Thursday, July 09, 2009

The Student Loan Crisis

by Daniel L. Bennett

Our friends over at Education Sector unveiled an interesting report today, cleverly titled Drowning in Debt: The Emerging Student Loan Crisis. Its authors analyzed data from the US Dept. of Education's National Postsecondary Student Aid Survey in order to identify trends in student borrowing. The report contains a number of interesting charts and figures that collectively suggest that more students are borrowing more money today than they were 15 years ago and that grant aid (aside from federal grants) is increasingly based on merit as opposed to need, especially at the institutional level.

The report touches on a topic that I believe is central to understanding the underlying problem with upward spiraling tuition and consequentially, the rise in student debt, stating:
Universities also use a substantial amount of their discretionary aid dollars to attract students who do have academic merit, at least as measured by factors like class rank and SAT and ACT scores, both of which contribute to the influential U.S. News & World Report college rankings. Prestige in higher education is partly a function of attracting “better” students to enroll, and prestige has a price.
In other words, colleges seeking to boost their reputation do so by spending more money. My colleague, Andrew Gillen, introduced the concept of a "prestige curve" as a cost driver in his Financial Aid report, as well as providing evidence that government-provided financial aid has actually contributed to the decrease in college affordability -- the opposite of its intended effect.
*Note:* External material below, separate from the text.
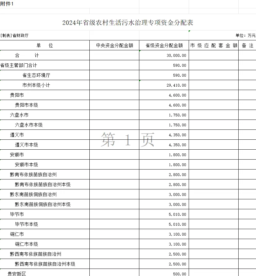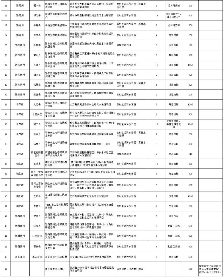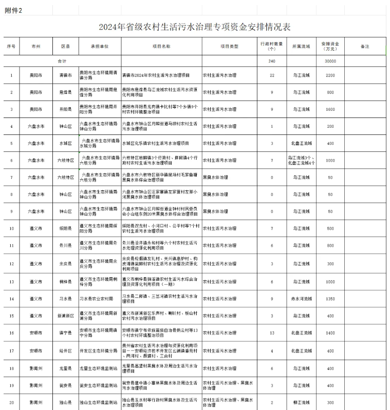 貴州省財(cái)政廳、貴州省生態(tài)環(huán)境廳發(fā)布關(guān)于下達(dá)2024年省級(jí)農(nóng)村生活污水治理專項(xiàng)資金的通知,下達(dá)2024年省級(jí)農(nóng)村生活污水治理專項(xiàng)資金30000萬(wàn)元,用于支持240個(gè)行政村農(nóng)村生活污水治理、12條黑臭水體治理。

Middle and high income students have access to highly subsidized loans, which has increased their ability to pay ever-increasing tuition fees. In turn, this has incentivized colleges to spend exorbitant amounts of money to improve their "prestige" in order to attract these students and the revenues that follow. This effect is described in Robert Martin's recent Pope Center report, The Revenue-to-Cost Spiral. Colleges will continue to exploit this system as long as university transparency remains absent and students are willing to shell out the tuition dollars.

1 comment:

capeman said...

"Colleges will continue to exploit this system as long as university transparency remains absent and students are willing to shell out the tuition dollars."

This sounds exactly like what the local Marxists and other assorted radicals say about the market economy in general. Substitute "corparations, corporate, consumers" for "colleges, university, students" and you have the radical parody of a critique of the market word for word.

If the students think they're taking on too much debt, let them trade down to a less expensive college.

If the government thinks subsidized loans are a bad deal, let the government end them. And then let the chips fall where they may.

One thing of which I'm pretty sure, there would be a lot fewer students, of all kinds, in college. Maybe that is the goal here?